Question:
I have a collection composed as follows, but with a lot more data.
{
_id: ObjectId("db759d014f70743495ef1000"),
tracked_item_origin: "winword",
tracked_item_type: "Software",
machine_user: "mmm.mmm",
organization_id: ObjectId("a91864df4f7074b33b020000"),
group_id: ObjectId("20ea74df4f7074b33b520000"),
tracked_item_id: ObjectId("1a050df94f70748419140000"),
tracked_item_name: "Word",
duration: 9540,
}
{
_id: ObjectId("2b769d014f70743495fa1000"),
tracked_item_origin: "http://www.facebook.com",
tracked_item_type: "Site",
machine_user: "gabriel.mello",
organization_id: ObjectId("a91864df4f7074b33b020000"),
group_id: ObjectId("3f6a64df4f7074b33b040000"),
tracked_item_id: ObjectId("6f3466df4f7074b33b080000"),
tracked_item_name: "Facebook",
duration: 7920,
}
I've already done an aggregation that returns all this data in a grouped way as follows:
{"_id"=>{"tracked_item_type"=>"Site", "tracked_item_name"=>"Twitter"}, "duration"=>288540},
{"_id"=>{"tracked_item_type"=>"Site", "tracked_item_name"=>"ANoticia"}, "duration"=>237300},
{"_id"=>{"tracked_item_type"=>"Site", "tracked_item_name"=>"Facebook"}, "duration"=>203460},
{"_id"=>{"tracked_item_type"=>"Software", "tracked_item_name"=>"Word"}, "duration"=>269760},
{"_id"=>{"tracked_item_type"=>"Software", "tracked_item_name"=>"Excel"}, "duration"=>204240}
The aggregation code is simple:
AgentCollector.collection.aggregate(
{'$match' => {group_id: '20ea74df4f7074b33b520000'}},
{'$group' => {
_id: {tracked_item_type: '$tracked_item_type', tracked_item_name: '$tracked_item_name'},
duration: {'$sum' => '$duration'}
}},
{'$sort' => {
'_id.tracked_item_type' => 1,
duration: -1
}}
)
My problem, is how can I limit it to only 2 grouped Site items (tracked_item_type: "Site") and 2 Software items (tracked_item_type: "Software")?
Answer:
I thought a lot about a simpler way to do this, but apparently the only possible way is to throw the result of this aggregation into a collection and then make filters on top of this stored result.
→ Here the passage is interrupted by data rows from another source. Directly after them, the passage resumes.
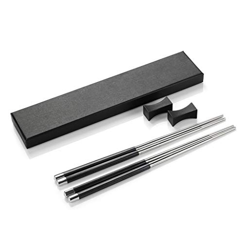 2 juegos de palillos chinos de aleación palillos de palillos palillos de acero inoxidable con soporte juego de palillos chinos cubiertos asiáticos con cofre negro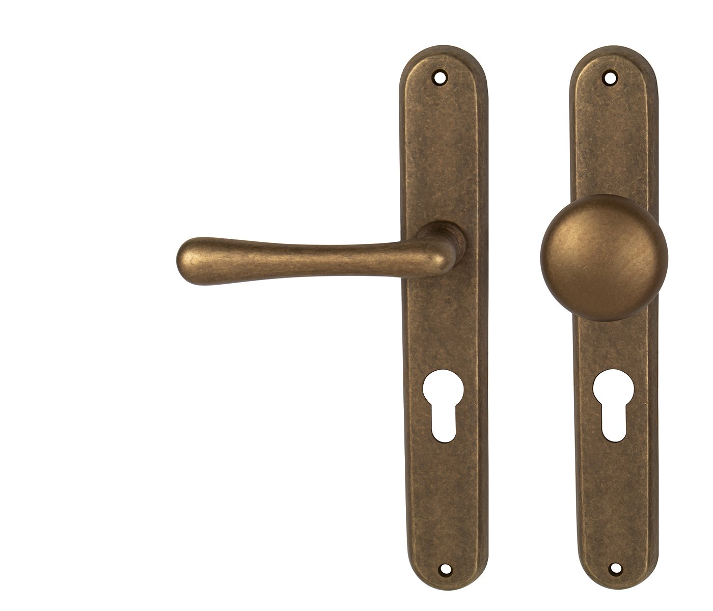 Štítová kľučka na interiérové dvere s oválnym štítom je vyrobená z materiálov vysokej kvality – mosadz a je povrchovo upravená. Oválny štít má rozmery 37 mm x 240 mm a kľučka obsahuje vratný mechanizmus.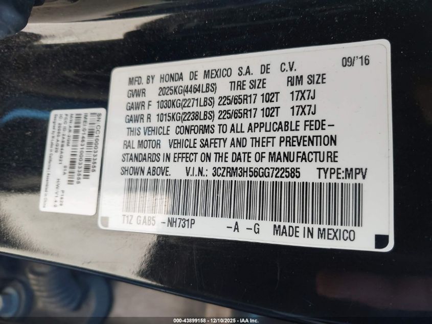 2016 HONDA CR-V 2016 року Бензин, 2.4, Передний привод, vin - 3CZRM3H56GG722585 из США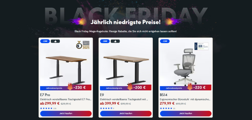 | 130€ Rabatt | 130 Euro Ermäßigung auf die verstellbare Schreibtischkollektion E7 | 25. Dezember 2025 |

Saving the report result in a new collection : The "aggregate" command doesn't have this type of option, for that I can substitute a mapReduce() that will do the same thing but specifying the "out" option:
db.trackeditems.mapReduce(
function() {
var key = {'tracked_item_type': this.tracked_item_type, 'tracked_item_name': this.tracked_item_name};
emit(key, this.duration);
},
function(key, values) {
var totalDuration = 0;
for (var i = 0; i < values.length; ++i) {
totalDuration += values[i]
}
return totalDuration;
},
{
out: "tracked_items_report",
query: {group_id: ObjectId('20ea74df4f7074b33b520000')}
}
)
Note: I have no knowledge of the Ruby API, so I'm showing the example only on the command line in Mongo.
Consulting the report
After executing this command you will have in your db the tracked_items_report collection with the result of the aggregation. From there you can make any query ordering and limiting the records in order to achieve the desired result.
// Obtendo os 2 tops no tipo 'Site'
db.tracked_items_report.find({'_id.tracked_item_type': 'Site'}).sort({'value':-1}).limit(2)
// Obtendo os 2 tops no tipo 'Software'
db.tracked_items_report.find({'_id.tracked_item_type': 'Software'}).sort({'value':-1}).limit(2)
Yes, it takes a little more work, now there are 3 operations in the bank instead of just one (which according to your question would be ideal), but you also get an additional benefit "for free" which is to have the result of the aggregation (possibly a heavy transaction) stored in the database as a cache for later queries.